_PROVIDED DATA_:
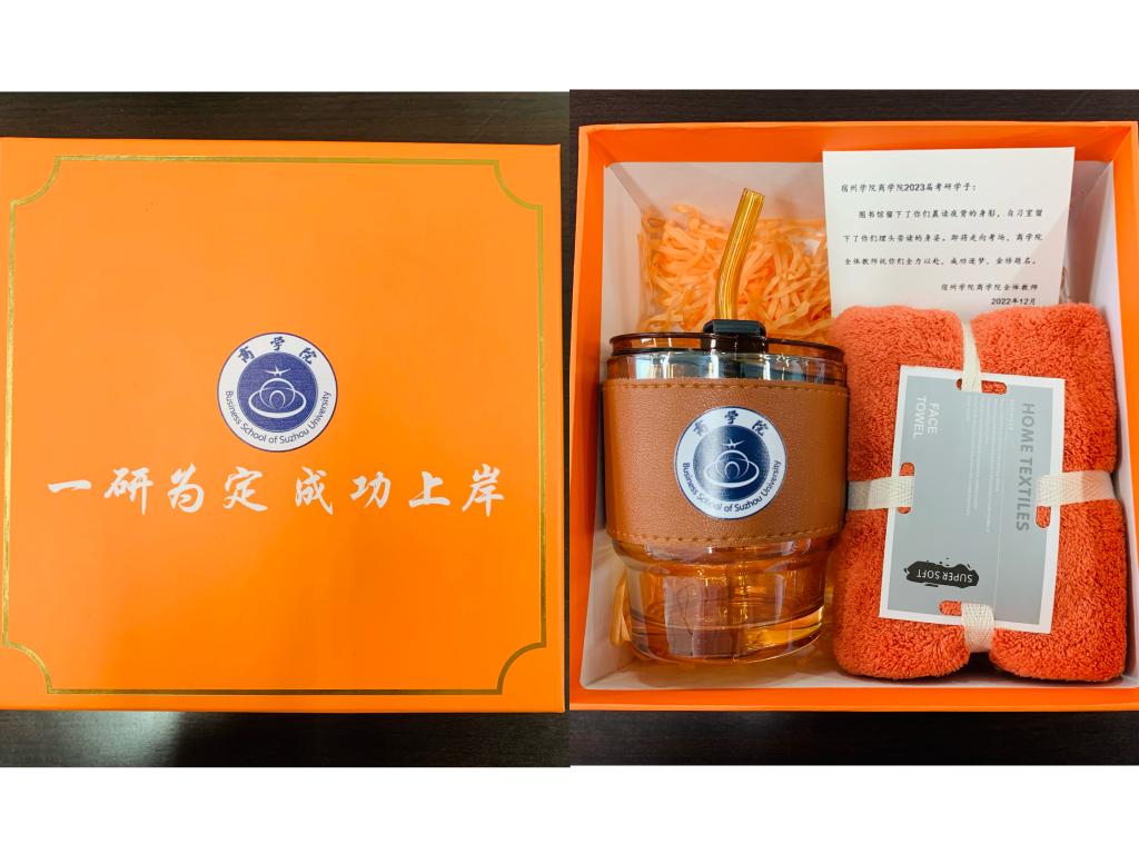 随后,学院将255份提前准备好的“加油礼盒”送到每位考生手中。礼盒中印有“一研为定、成功上岸”的祝福语,礼盒里装有印有商学院院徽的纪念品,以及来自商学院全体老师的考研寄语卡片。“图书馆留下了你们晨读夜背的身影,自习室留下了你们埋头苦读的身姿”,商学院全体教师祝福考研学子全力以赴,成功逐梦,金榜题名。同学们纷纷表示:“在这个寒冷的冬季,我们收到了学院的考研祝福礼物,真的是太暖心了!”“漫漫研途,我们从来不是孤单一人”
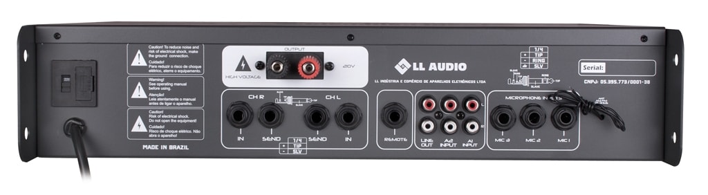 2 Entradas auxiliares IN com conectores P10 (canais L/R)
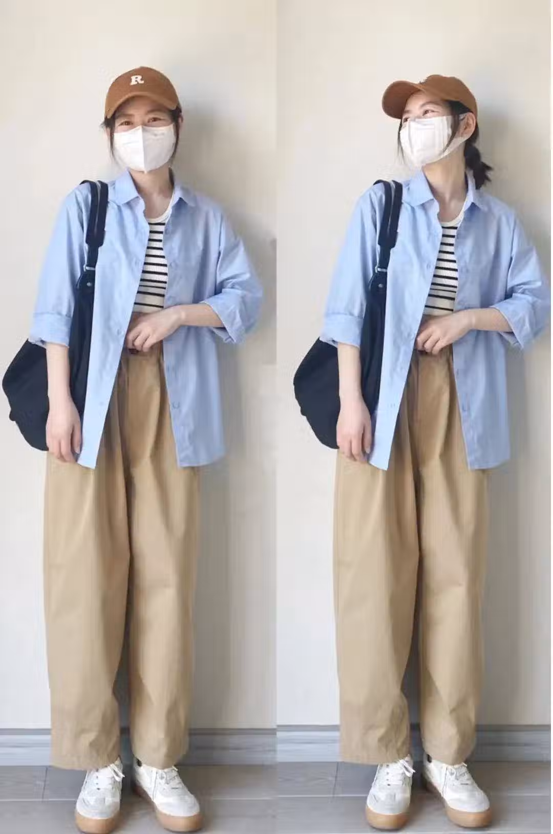 春夏的疊穿大多以襯衫為主,可以試試天藍+卡其撞色穿搭,天藍色襯衫疊穿條紋內搭,非常有韓系那味兒,棒球帽就和褲子相呼應就好了。

_WHAT IS BEING ASKED_:
Repeat the lines above exactly, and keep every picture out.

_RESULT BELOW_:
 随后,学院将255份提前准备好的“加油礼盒”送到每位考生手中。礼盒中印有“一研为定、成功上岸”的祝福语,礼盒里装有印有商学院院徽的纪念品,以及来自商学院全体老师的考研寄语卡片。“图书馆留下了你们晨读夜背的身影,自习室留下了你们埋头苦读的身姿”,商学院全体教师祝福考研学子全力以赴,成功逐梦,金榜题名。同学们纷纷表示:“在这个寒冷的冬季,我们收到了学院的考研祝福礼物,真的是太暖心了!”“漫漫研途,我们从来不是孤单一人”
 2 Entradas auxiliares IN com conectores P10 (canais L/R)
 春夏的疊穿大多以襯衫為主,可以試試天藍+卡其撞色穿搭,天藍色襯衫疊穿條紋內搭,非常有韓系那味兒,棒球帽就和褲子相呼應就好了。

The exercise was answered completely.